(Provided records)

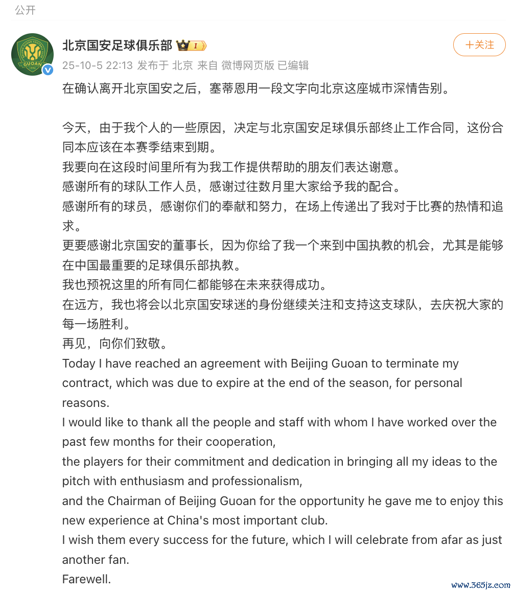 今天,由于我个东说念主的一些原因,决定与北京国安足球俱乐部远离责任契约,这份契约本应该在本赛季为止到期。
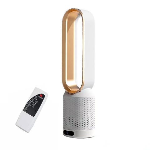 Varm og kaldt luftavfifte i svart og hvitt med kontrollpanel på toppen. Designet for å redusere fuktighet, varme og kulde i innemiljøer. Utstyrt med strømkabel for tilkobling til strømnettet. Oppvarming og avkjøling, varen er fra Clas Ohlson.
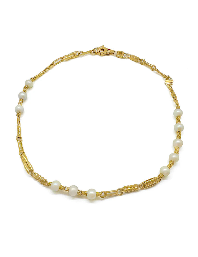 The Metropolis Necklace with Pearls features a variety of uniquely crafted links and saltwater pearls. Every geometric detail was created in Los Angeles. With a mix of geometric shapes forming each link, this bracelet has an architectural feel that’s the perfect mix of modern and classic.
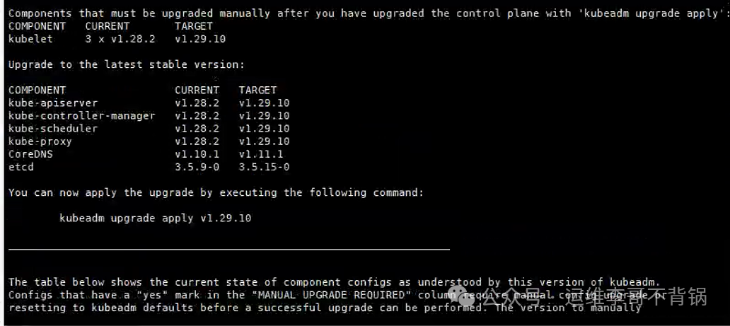 此命令检查你的集群是否可被升级,并取回你要升级的目标版本。命令也会显示一个包含组件配置版本状态的表格。
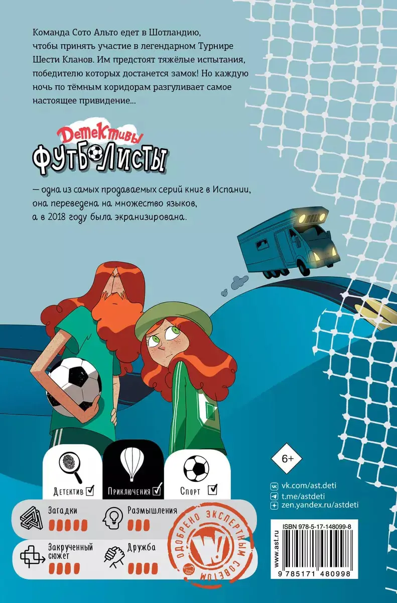 Команда Сото Альто едет в Шотландию, чтобы принять участие в легендарном Турнире Шести Кланов. Им предстоят тяжёлые испытания, победителю которых достанется замок! Но каждую ночь по тёмным коридорам разгуливает самое настоящее привидение...Роберто Сантьяго работал сценаристом на телевидении, редактором и продюсером.Серия про детективов-футболистов стала настоящим культурным феноменом, это одни из самых продаваемых книг в Испании, они переведены на разные языки мира, а в 2018 году даже были экранизированы.
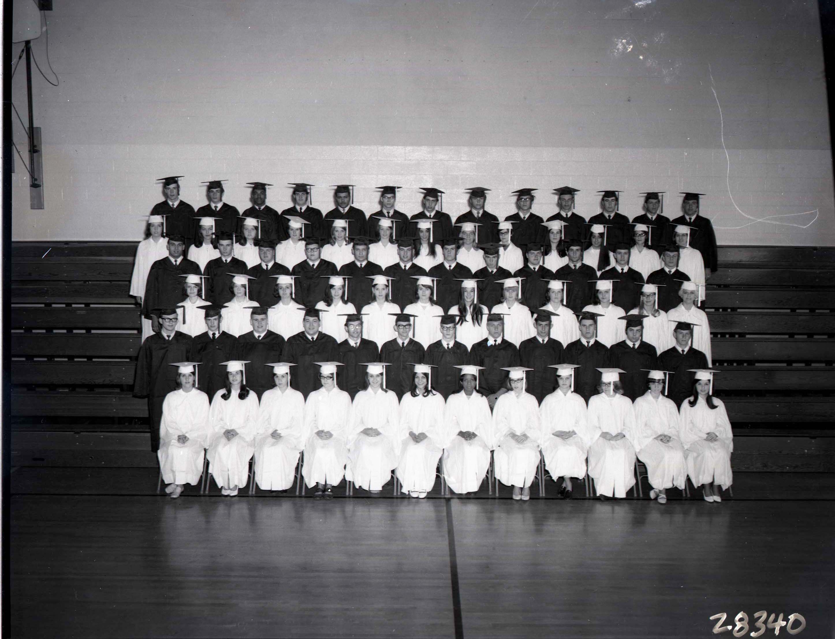 Photograph of a graduating class of unidentified seniors at Central High School in Woodstock, posed on the bleachers of their gymnasium in their caps and gowns.
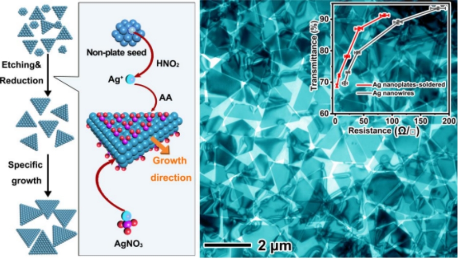 为破解这一难题,研究团队创新性地提出了亚硝酸盐辅助的种子生长策略。该策略通过亚硝酸盐的双重调控作用,一方面有效抑制银的自成核过程,避免多晶核无序生长;另一方面可高度选择性吸附于银的{111}晶面,精准限制晶体沿厚度方向的生长,最终成功制备出厚度约2纳米的超薄银纳米片。该产物不仅具备高纯度、尺寸可调的优势,其超薄结构还能促进银纳米线的低温焊接,显著降低导电网络的接触电阻,大幅提升柔性电极的导电性能与稳定性。
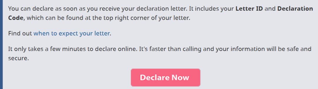 一旦收到申报信件,你就可以通过在线申报系统完成申报。系统会一步步引导你,为每一处房产选择对应的豁免类型。业主们需要用《通知》上的流水号(Letter ID)和申报码(Declaration Code)以及自己的SIN卡号码完成申报。

(End Provided records)

Work required
Output the data exactly as it is, with the pictures dropped.

Task output
 今天,由于我个东说念主的一些原因,决定与北京国安足球俱乐部远离责任契约,这份契约本应该在本赛季为止到期。
 Varm og kaldt luftavfifte i svart og hvitt med kontrollpanel på toppen. Designet for å redusere fuktighet, varme og kulde i innemiljøer. Utstyrt med strømkabel for tilkobling til strømnettet. Oppvarming og avkjøling, varen er fra Clas Ohlson.
 The Metropolis Necklace with Pearls features a variety of uniquely crafted links and saltwater pearls. Every geometric detail was created in Los Angeles. With a mix of geometric shapes forming each link, this bracelet has an architectural feel that’s the perfect mix of modern and classic.
 此命令检查你的集群是否可被升级,并取回你要升级的目标版本。命令也会显示一个包含组件配置版本状态的表格。
 Команда Сото Альто едет в Шотландию, чтобы принять участие в легендарном Турнире Шести Кланов. Им предстоят тяжёлые испытания, победителю которых достанется замок! Но каждую ночь по тёмным коридорам разгуливает самое настоящее привидение...Роберто Сантьяго работал сценаристом на телевидении, редактором и продюсером.Серия про детективов-футболистов стала настоящим культурным феноменом, это одни из самых продаваемых книг в Испании, они переведены на разные языки мира, а в 2018 году даже были экранизированы.
 Photograph of a graduating class of unidentified seniors at Central High School in Woodstock, posed on the bleachers of their gymnasium in their caps and gowns.
 为破解这一难题,研究团队创新性地提出了亚硝酸盐辅助的种子生长策略。该策略通过亚硝酸盐的双重调控作用,一方面有效抑制银的自成核过程,避免多晶核无序生长;另一方面可高度选择性吸附于银的{111}晶面,精准限制晶体沿厚度方向的生长,最终成功制备出厚度约2纳米的超薄银纳米片。该产物不仅具备高纯度、尺寸可调的优势,其超薄结构还能促进银纳米线的低温焊接,显著降低导电网络的接触电阻,大幅提升柔性电极的导电性能与稳定性。
 一旦收到申报信件,你就可以通过在线申报系统完成申报。系统会一步步引导你,为每一处房产选择对应的豁免类型。业主们需要用《通知》上的流水号(Letter ID)和申报码(Declaration Code)以及自己的SIN卡号码完成申报。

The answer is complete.